WORK TASK ▸ Copy down every line of the data that follows exactly. Omit the pictures.

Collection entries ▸

───

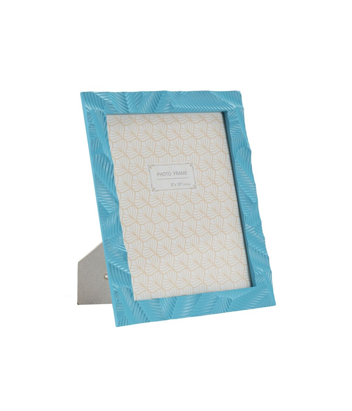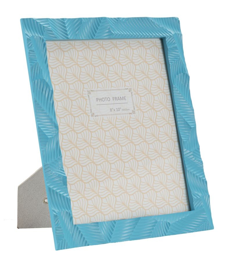 Cornice rettangolare da appoggio in resina celeste dal design semplice e geometrico. Può essere posizionata sia in orizzontale che in verticale. Dimensioni foto cm 20x25.
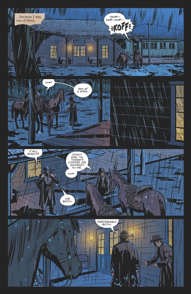 Then we caught a huge lucky break on Bandits, getting Chris O’Halloran on board for colors…he has some experience with westerns, so we knew he’d bring something textural and special, and help differentiate the shuffling timeline stuff in the story. And Hassan Otsmane-Elhaou is a damn lettering dynamo (we were fortunate to get him BEFORE he won an Eisner…I’m sure he wouldn’t answer our calls if we tried to get him today).
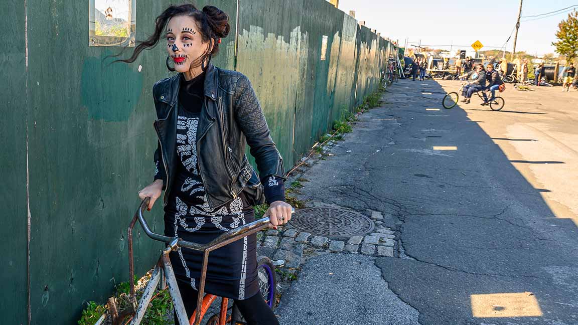 Everyone began to fall over with more frequency. Jeff went for a spin and came back, his suit and tie intact but his white facepaint a little smudged, breathing hard. “Just got in a six-bike pileup,” he said, straightening his hat. He and Chelsea had brought a huge pot of soup, ladling it out with chunks of bread. Someone else made soup too, and some chai; there were tamales, pork dumplings, fancy cheese wheels of indeterminate provenance. I carried food over to Tod, dodging bikes, leaping to the side to escape a near crash, laughing with relief when I made it across the double lane of traffic.
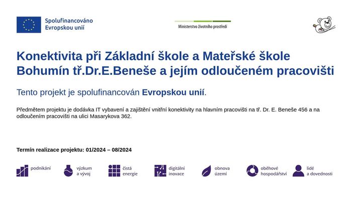 Základní škola a Mateřská škola Bohumín tř.Dr.E.Beneše 456 okres Karviná, příspěvková organizace za finanční podpory Evropské unie realizuje projekt „Konektivita při Základní škole a Mateřské škole Bohumín tř.Dr.E.Beneše a jejím odloučeném pracovišti“, který řeší dodávku IT vybavení a zajištění vnitřní konektivity na hlavním pracovišti na tř. Dr. E. Beneše 456 a na odloučením pracovišti na ulici Masarykova 362.
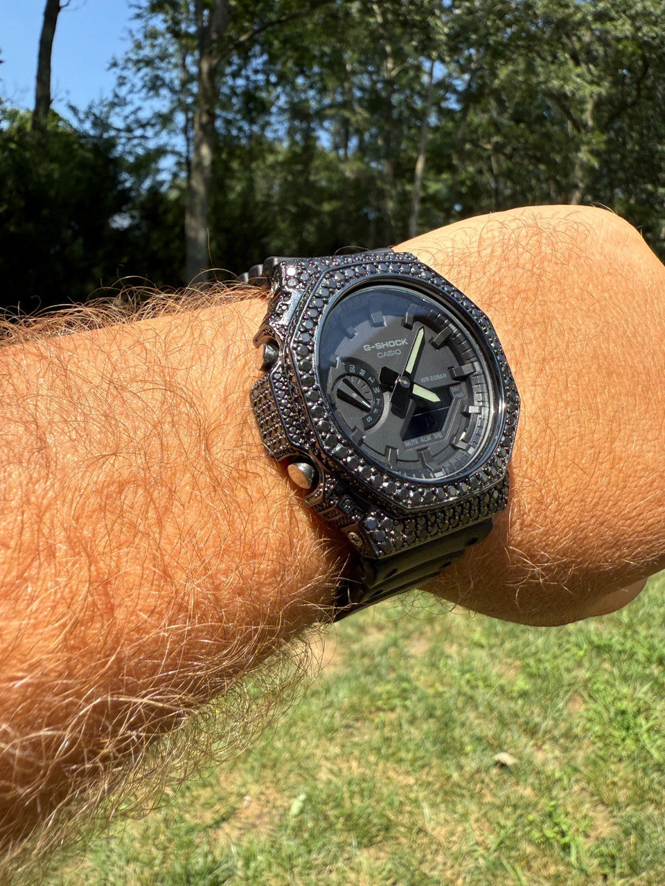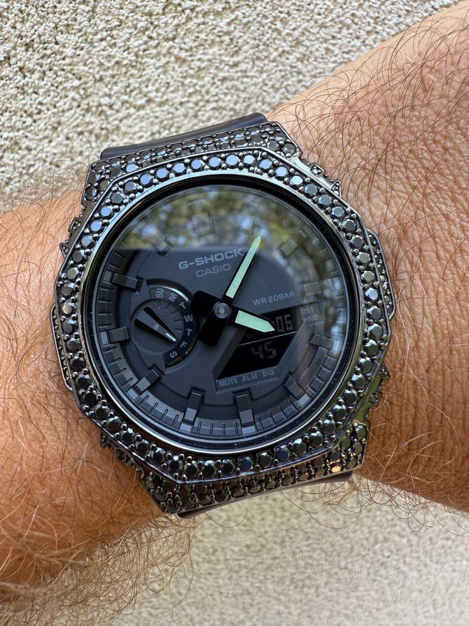 BLACK MOISSANITE Real Black 925 Silver Iced Casio G Shock GA2100 Hip Hop Watch
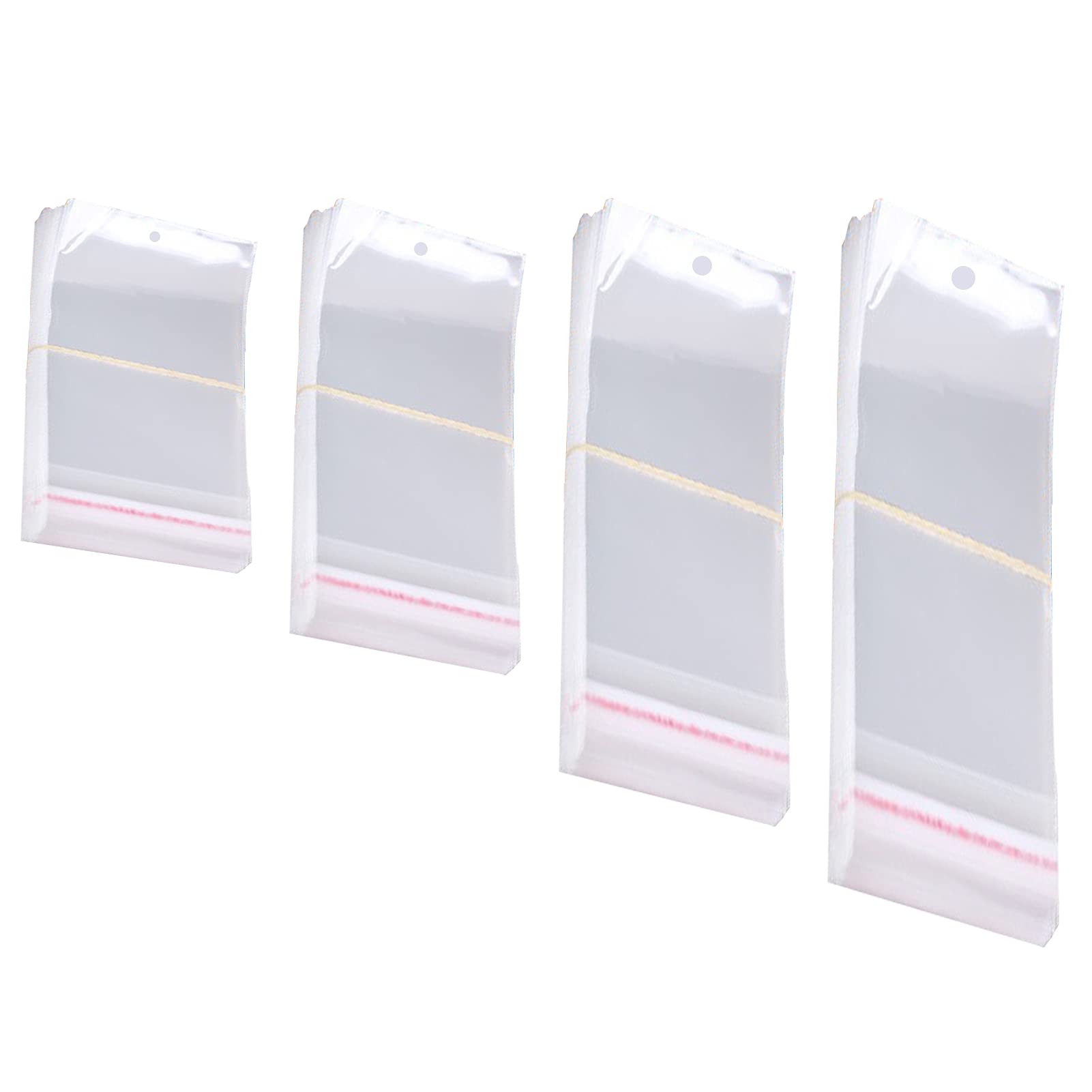 - 【PACKAGE INCLUDES】You will receive 400pcs self-sealing bag with hang hole of 4 size: 3.5 x 4.7inch, 3.5 x 5.5inch, 3.5 x 7.8 inch, 3.5 x 11.8 inch, each size has 100pcs bag. These clear plastic hanging bag can meet all you needs.
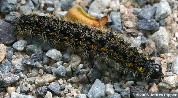 CAUTION: STINGING HAIRS!! Buck Moth caterpillar found on Willow Oak (Quercus phellos)Harnett Co., NC 29 May 2005 |
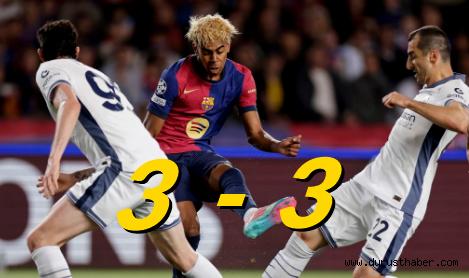 Barcelona, bu gole sadece bir dakika içinde cevap verdi. 65. dakikada Raphinha’nın ceza sahası dışından yaptığı sert vuruş, üst direkten dönüp kaleci Yann Sommer’e çarparak ağlarla buluştu: 3-3.
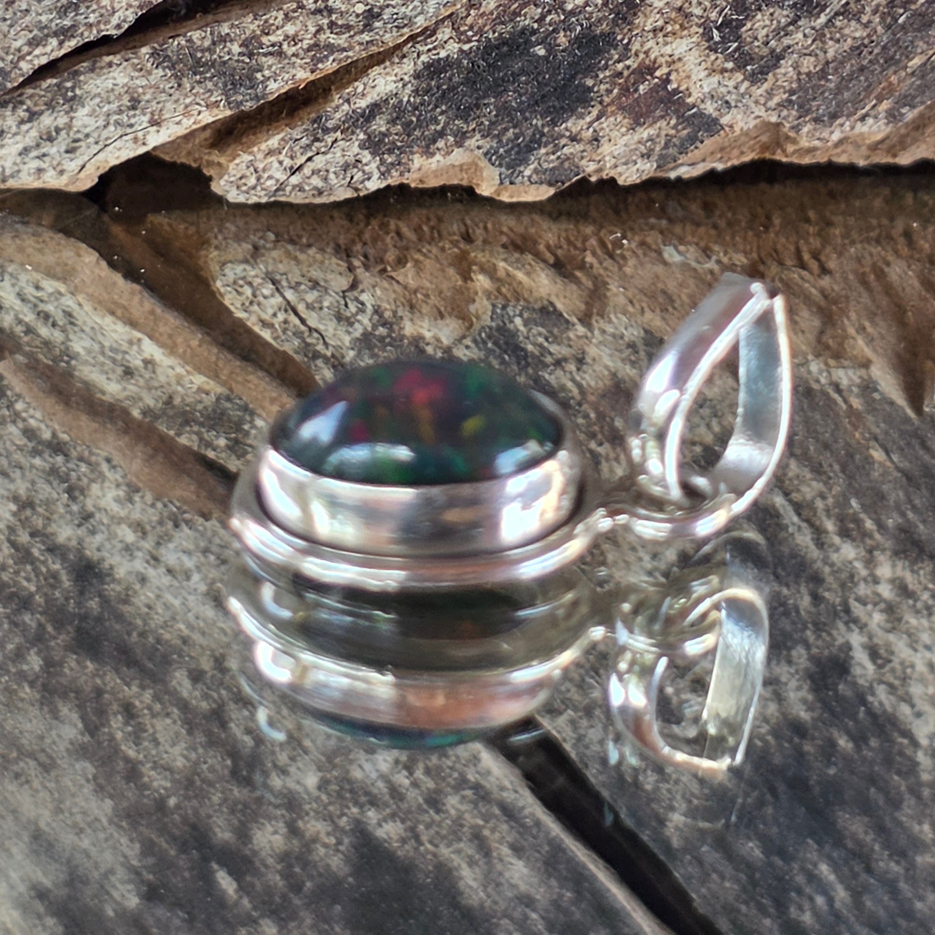 Описание - Сребърен медальон с етиопски черен опал | Модел 3

───

ANSWER TO THIS PROBLEM ▸
 Cornice rettangolare da appoggio in resina celeste dal design semplice e geometrico. Può essere posizionata sia in orizzontale che in verticale. Dimensioni foto cm 20x25.
 Then we caught a huge lucky break on Bandits, getting Chris O’Halloran on board for colors…he has some experience with westerns, so we knew he’d bring something textural and special, and help differentiate the shuffling timeline stuff in the story. And Hassan Otsmane-Elhaou is a damn lettering dynamo (we were fortunate to get him BEFORE he won an Eisner…I’m sure he wouldn’t answer our calls if we tried to get him today).
 Everyone began to fall over with more frequency. Jeff went for a spin and came back, his suit and tie intact but his white facepaint a little smudged, breathing hard. “Just got in a six-bike pileup,” he said, straightening his hat. He and Chelsea had brought a huge pot of soup, ladling it out with chunks of bread. Someone else made soup too, and some chai; there were tamales, pork dumplings, fancy cheese wheels of indeterminate provenance. I carried food over to Tod, dodging bikes, leaping to the side to escape a near crash, laughing with relief when I made it across the double lane of traffic.
 Základní škola a Mateřská škola Bohumín tř.Dr.E.Beneše 456 okres Karviná, příspěvková organizace za finanční podpory Evropské unie realizuje projekt „Konektivita při Základní škole a Mateřské škole Bohumín tř.Dr.E.Beneše a jejím odloučeném pracovišti“, který řeší dodávku IT vybavení a zajištění vnitřní konektivity na hlavním pracovišti na tř. Dr. E. Beneše 456 a na odloučením pracovišti na ulici Masarykova 362.
 BLACK MOISSANITE Real Black 925 Silver Iced Casio G Shock GA2100 Hip Hop Watch
 - 【PACKAGE INCLUDES】You will receive 400pcs self-sealing bag with hang hole of 4 size: 3.5 x 4.7inch, 3.5 x 5.5inch, 3.5 x 7.8 inch, 3.5 x 11.8 inch, each size has 100pcs bag. These clear plastic hanging bag can meet all you needs.
 CAUTION: STINGING HAIRS!! Buck Moth caterpillar found on Willow Oak (Quercus phellos)Harnett Co., NC 29 May 2005 |
 Barcelona, bu gole sadece bir dakika içinde cevap verdi. 65. dakikada Raphinha’nın ceza sahası dışından yaptığı sert vuruş, üst direkten dönüp kaleci Yann Sommer’e çarparak ağlarla buluştu: 3-3.
 Описание - Сребърен медальон с етиопски черен опал | Модел 3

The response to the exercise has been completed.